Share your dilemmas and get honest opinions from other Mumsnetters.

to feel like I just can't start over at 53?

41 replies

BlastedPimples · 29/12/2023 10:41

Just finalising a divorce after a 20 year marriage the end of which was marred by lots of adultery (his), violence (his) and the mysterious disappearance of a lot of money (by him). It's gone. I have nothing.

I don't have a career. 4 dcs aged from 18 down to 11. Don't live in U.K. anymore. Don't want to for now as kids all settled in school. I don't think I would get any assistance with housing or anything in U.K. anyway as we've been out of the country for five years.

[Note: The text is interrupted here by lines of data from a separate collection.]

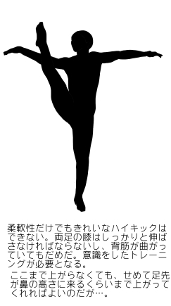 足を、膝をしっかりと伸ばしたまま高く上げていくには太ももの裏の筋肉であるハムストリングスの柔軟性が特に求められる。おそらく、フロアに長座(足を前に伸ばして座る)の形から前屈をした場合、それこそ胸が太ももに着くくらいの体の柔らかさが必要になってくると思われる。そうでないときれいなハイキックはできない。
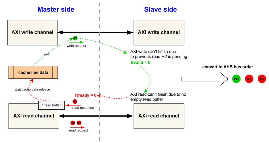 这样一个死锁环就形成了。Read buffer中的R1需要CPU cache腾出某set/way的空间->CPU cache在腾该set/way的写操作无法被slave接收->slave之所以不接收,是因为slave发现R2还没有做完->R2之所以没有做完,是因为CPU master无法接收R2的数据了->CPU master之所以无法接收新数据,是因为read buffer被R1占据了。
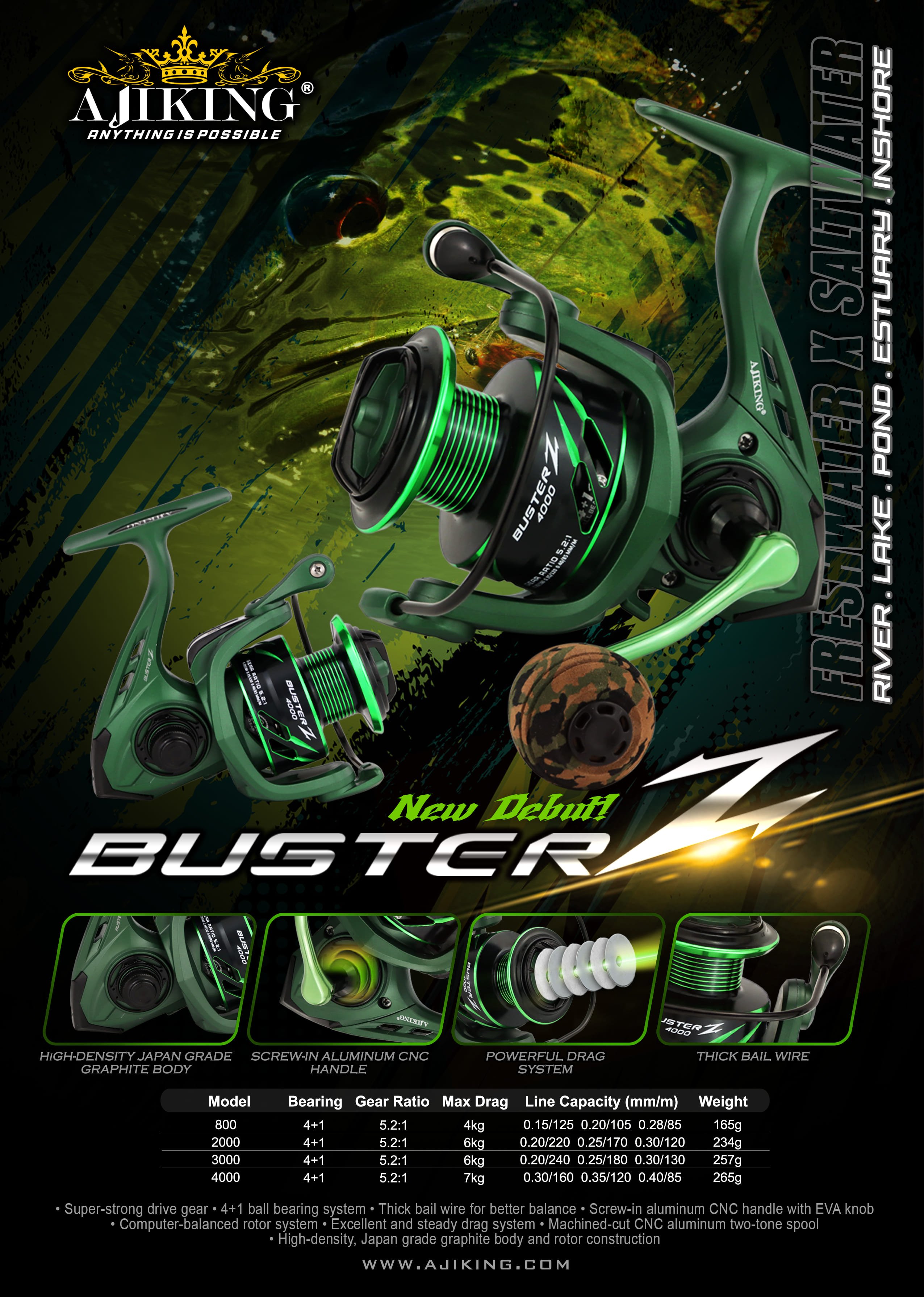 AJIKING REEL – BUSTER Z #BZ (4+1BB) SCREW IN HANDLE
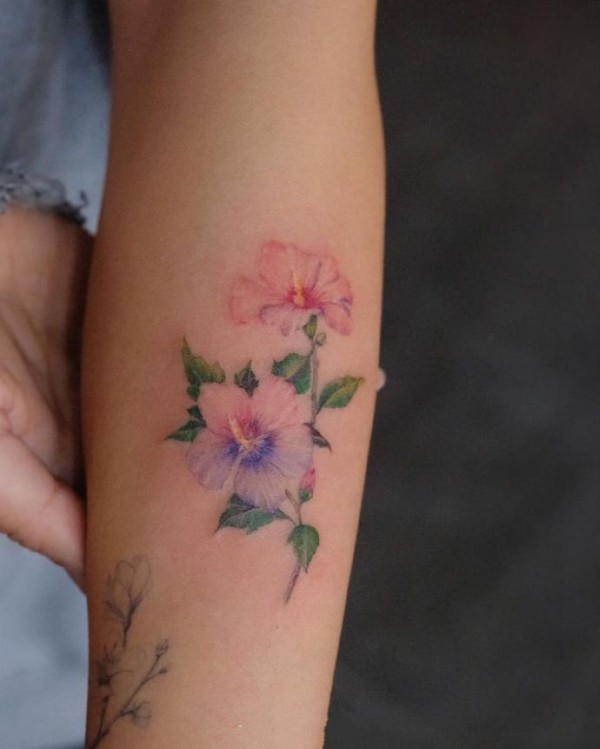 纹在手臂胳膊上的黑灰素花花卉纹身图案欣赏
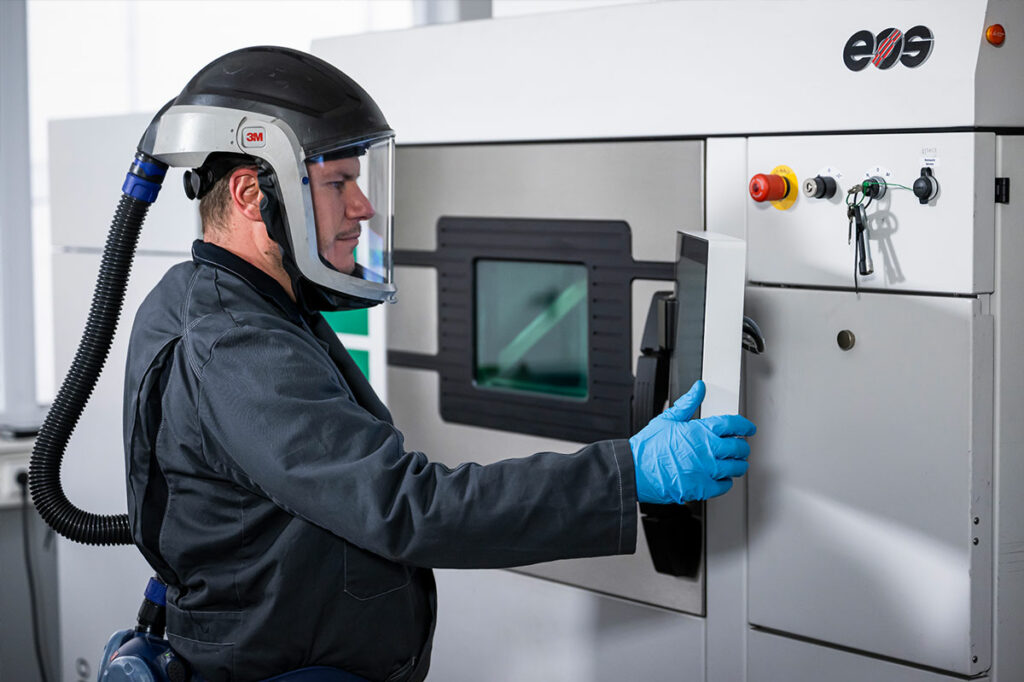 Es hat sich einiges getan im voestalpine Additive Manufacturing Center in Düsseldorf. Vier Mitarbeiter:innen begleiten hier bereits seit einigen Jahren mit modernsten Technologien und Anlagen die steigende Marktnachfrage. In der Zwischenzeit sind mehrere neue Maschinen hinzugekommen, die nicht nur weit größer als die ursprünglichen sind, sie erreichen im Fertigungsprozess auch höhere Temperaturen, um eine breitere Vielfalt an Materialien verarbeiten zu können. Zusätzlich sorgt ein Schnellwechselsystem für reduzierte Standzeiten in der Produktion. Nach und nach wurden außerdem die Parameter im Prozess weiter optimiert, um möglichst effizient produzieren zu können. Bastian und sein Team versorgen somit die Kund:innen in noch kürzerer Produktionszeit mit Teilen, die die Leistung und Langlebigkeit klassisch gefertigter Komponenten übersteigen. Als Pionier der additiven Fertigung hat Bastian, genauso wie der gesamte voestalpine-Konzern, schon früh sein Vertrauen in die vielversprechende Technologie gesetzt.
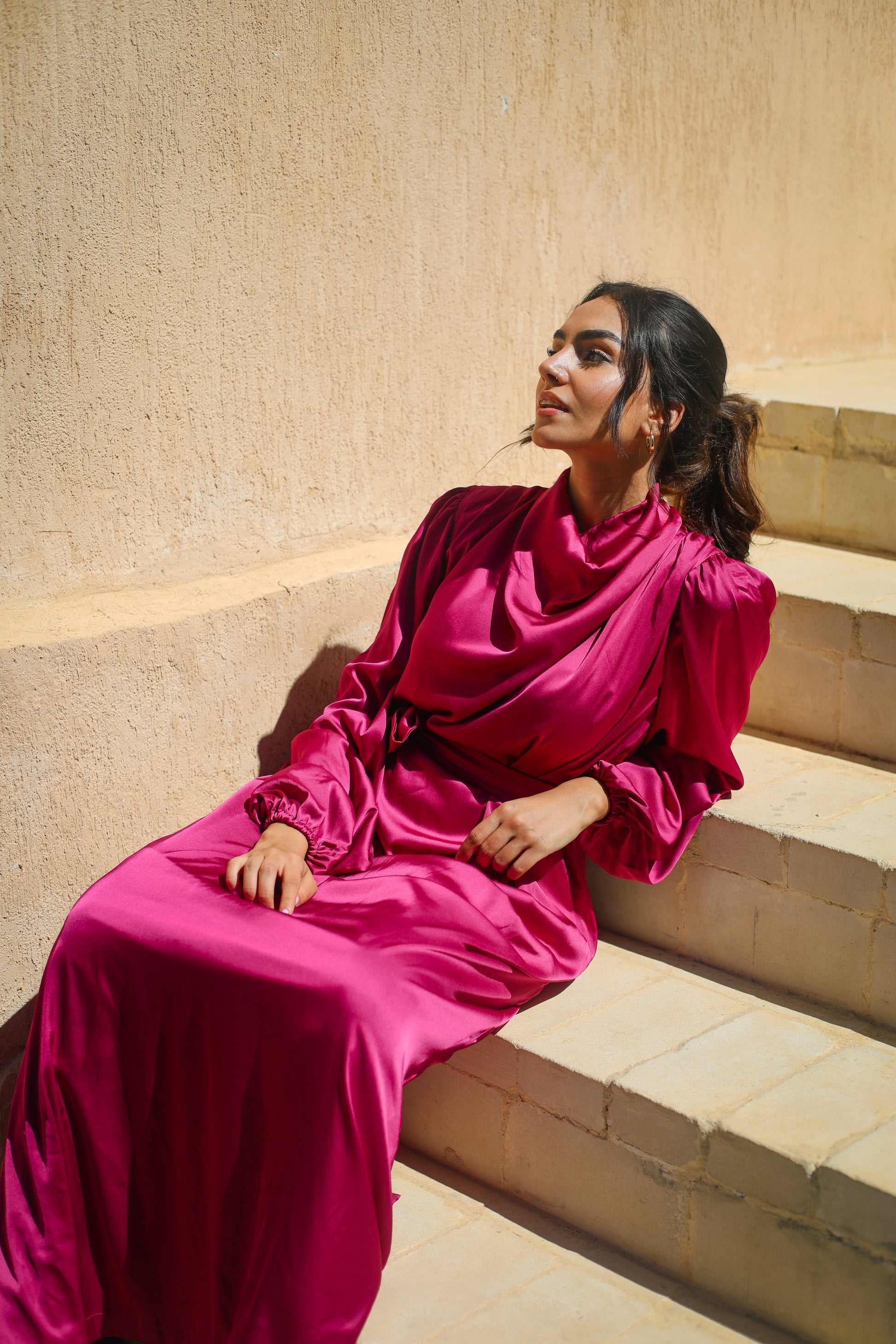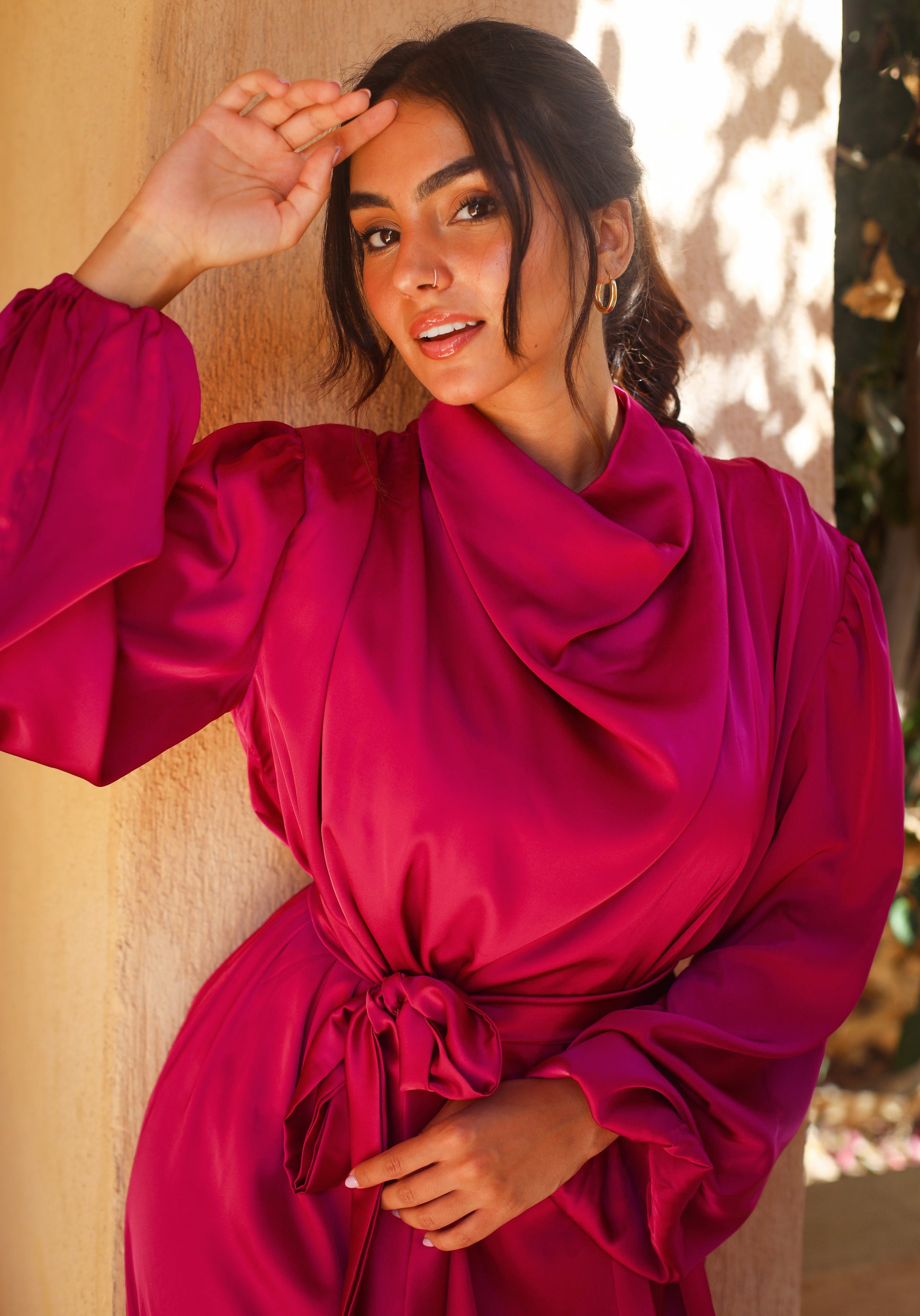 The modest silk dress that is perfect for the special occasions, comes with a wide belt to flatter the waist in a multiple ties.
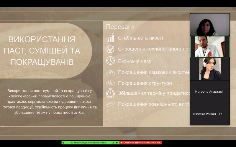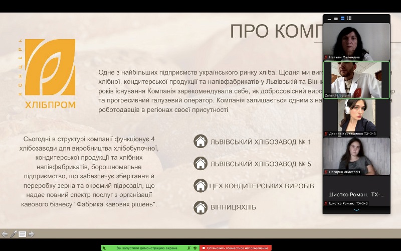 Під час лекції на тему «Якість хлібобулочних виробів в умовах воєнного часу із застосуванням інновацій» Захар Борковський розповів про структуру компанії, асортимент продукції, систему контролю якості на підприємстві. Особливу зацікавленість у здобувачів викликали інноваційні технології, які впроваджуються на підприємствах Концерну, наприклад пастеризація хліба, яка сприяє подовженню терміну його зберігання. Захар Борковський розповів про «CLEAN LABEL», маркування орієнтоване на споживача, яке заохочує виробників до розроблення продуктів із зрозумілими етикетками, у яких домінують натуральні інгредієнти та мінімальна кількість штучних добавок.

But whilst I have a part time job working for a charity - which I loathe but it pays for groceries and some bills - I just feel that at my age, I am well and truly shafted. Financially, career wise, damaged goods emotionally.

I'm not afraid of hard work. I just don't know which way to turn. Which path to take. Graft doesn't bother me but I would like to put my graft towards building something solid. I am clearly still in a bit of a tizz and can't really think straight anyway.

Perhaps I'm just tired and a bit defeated. Or being a wet blanket.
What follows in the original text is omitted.